In homage to the online convention of writing articles studded with veiled or apparently off-the-cuff references and hyperlinks to a book one has recently or will soon release, I’ve decided to be upfront about it, admitting that I’d love you all to curl up in your favorite armchairs with my new novel, although I know that few of you are likely to do so. The way I see it, self-promotion is a non-starter. No one reads a book on the author’s say-so. So in the next few pages you will see no overt references to my novel–I’ll be withholding the title, and, if I find there’s no way of avoiding making a reference to it, I’ll keep it oblique, I’ll just call it the apple of my mind, which may surprise and/or annoy a few people. But what am I supposed to do? I can’t be an impartial critic of my own work, I can’t recommend it to you. There’s no way around this conundrum, I just have to step back and hope someone else gets involved. Really, this is the operative point of what I want to say here: someone else has to be there, willing to read and engage–because, though it may seem a very obvious thing to say, criticism is the life-blood of books.

It’s March, and there’s a massive artillery barrage of book releases crashing around my house day and night; I can almost hear the radio waves of eBooks being streamed through the air, like sophisticated neutron bombs. Adding my personal details to this battleground seems redundant. The apple of my mind has recently made its way into the world, along with a couple of hundred other books, and most of you will never hear more than a word or two, maybe a hushed murmur, about it.

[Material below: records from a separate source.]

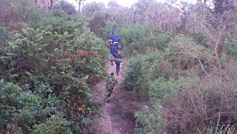 Des militaires burundais en pleine patrouille dans la réserve naturelle de la Rukoko non loin de la frontière avec la RDC
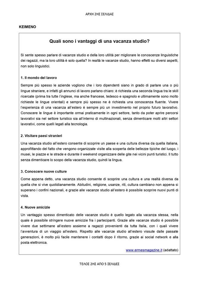 Στη δημοσιότητα έδωσε το υπουργείο Παιδείας τα θέματα που κλήθηκαν να λύσουν στο μάθημα των Ιταλικών οι υποψήφιοι που έχουν δηλώσει συμμετοχή στα Ειδικά Μαθήματα στο πλαίσιο των Πανελλαδικών Εξετάσεων 2021.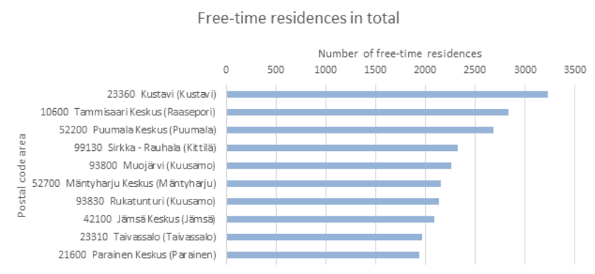 As an example of data by postal code area, the number of free-time residences in 2024 was extracted for the figure below. The number of free-time residences was highest in the postal code area of Kustavi, over 3,000. There are plenty of other interesting things to explore in the Paavo service.

You likely won’t even see it in bookshops, because bookshops are dying off as we all know, and they are now almost as quaint as church bazaars. Enormous, steel-plated behemoths thunder through the empty streets, sending out winged drones to deliver shedloads of books direct to our doorsteps, while their loudspeakers announce repetitiously, “We are your friends, we are your friends…”

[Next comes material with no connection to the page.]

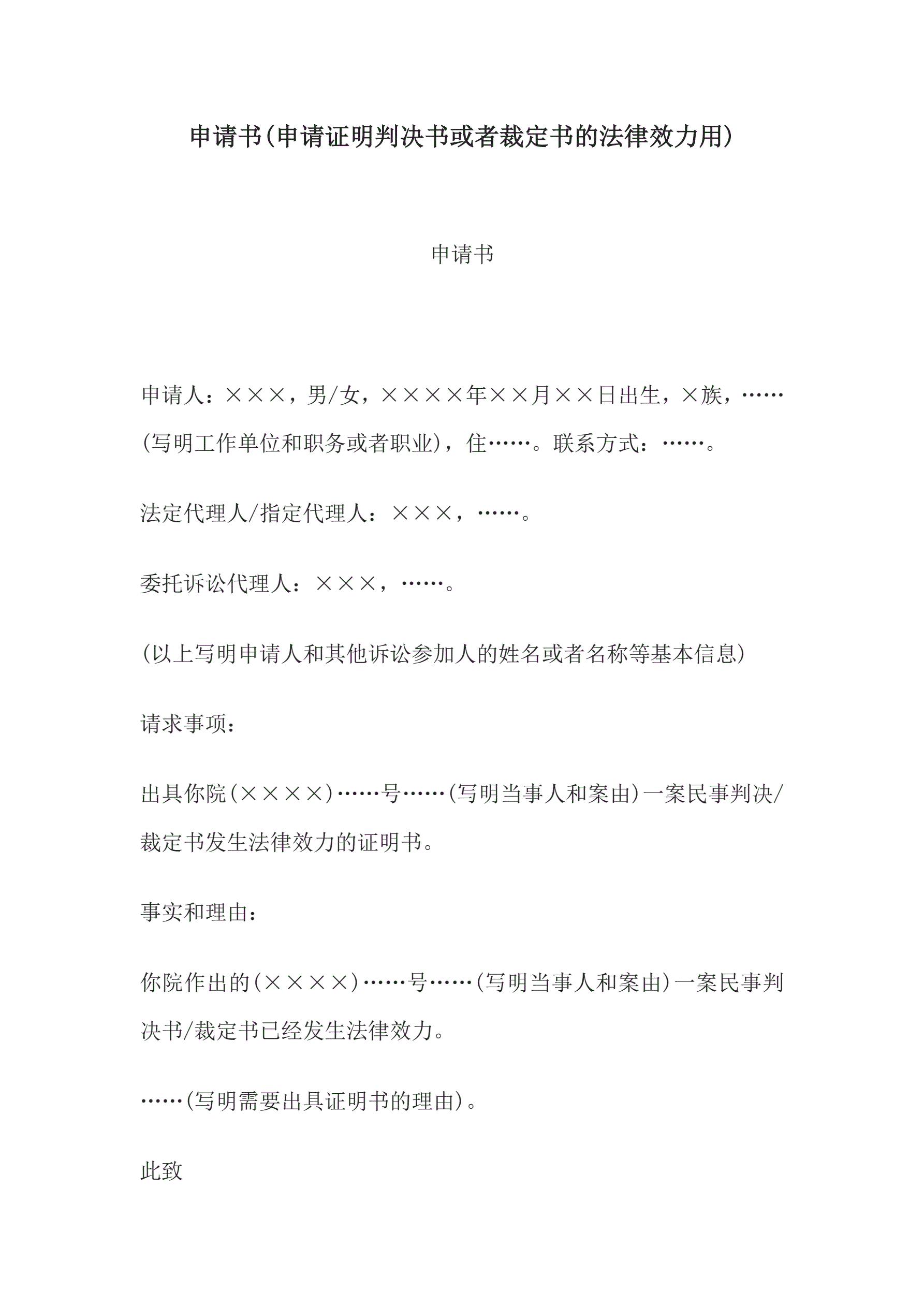 >申请书(申请证明判决书或者裁定书的法律效力用)

Recently, a publisher’s press and marketing guy told me at a book fair that the world had changed. It was [he said] almost impossible to get a book reviewed nowadays. Why, I asked. Well, he went on, because of the state of the market. Frankly, I was confused at first, as really there doesn’t seem to be such a shortage of review sites. In fact, I wouldn’t even have the time to scan the opening few lines of all the thousands of reviews piped through my spluttering microprocessor–let alone remember the names of the authors or the titles of their works. After reflecting on his words, I understood what he meant. Anyone can get a review, even a misspelled café menu can get “hilarious” comments and a photo opportunity on a social networking site, but what you really want is a review that counts. A well-written review can set up the whole phenomenology of a work of fiction, whereas a bad review only conjures up perfunctory questions and problems. A bad review is like a fly in the room while you’re trying to sleep. It sits on your face because it has the misconceived notion that it may at some point be able to lay eggs on it. I would rather be savaged by a reviewer with clearly defined ideas than praised by a bozo. In fact, there are some reviewers out there on whose say-so I’d consent to a strip search, followed by a lengthy cold shower, gall-bladder soap, and no towel. Even if they tarred me afterwards and dipped me in a tub of feathers.    

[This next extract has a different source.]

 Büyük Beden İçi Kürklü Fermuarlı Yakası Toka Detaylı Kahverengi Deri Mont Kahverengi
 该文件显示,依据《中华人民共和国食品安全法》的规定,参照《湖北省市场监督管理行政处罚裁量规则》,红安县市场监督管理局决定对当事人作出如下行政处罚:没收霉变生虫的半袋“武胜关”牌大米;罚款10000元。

There used to be a time when reviewers were known as critics, and these critics would make ambitious, scholarly statements about art. T.S. Eliot in his essay on the English metaphysical poets of the sixteen-hundreds, wrote the following:

When a poet’s mind is perfectly equipped for its work, it is constantly amalgamating disparate experience; the ordinary man’s experience is chaotic, irregular, fragmentary. The latter falls in love, or reads Spinoza, and these two experiences have nothing to do with each other, or with the noise of the typewriter or the smell of cooking; in the mind of the poet these experiences are always forming new wholes.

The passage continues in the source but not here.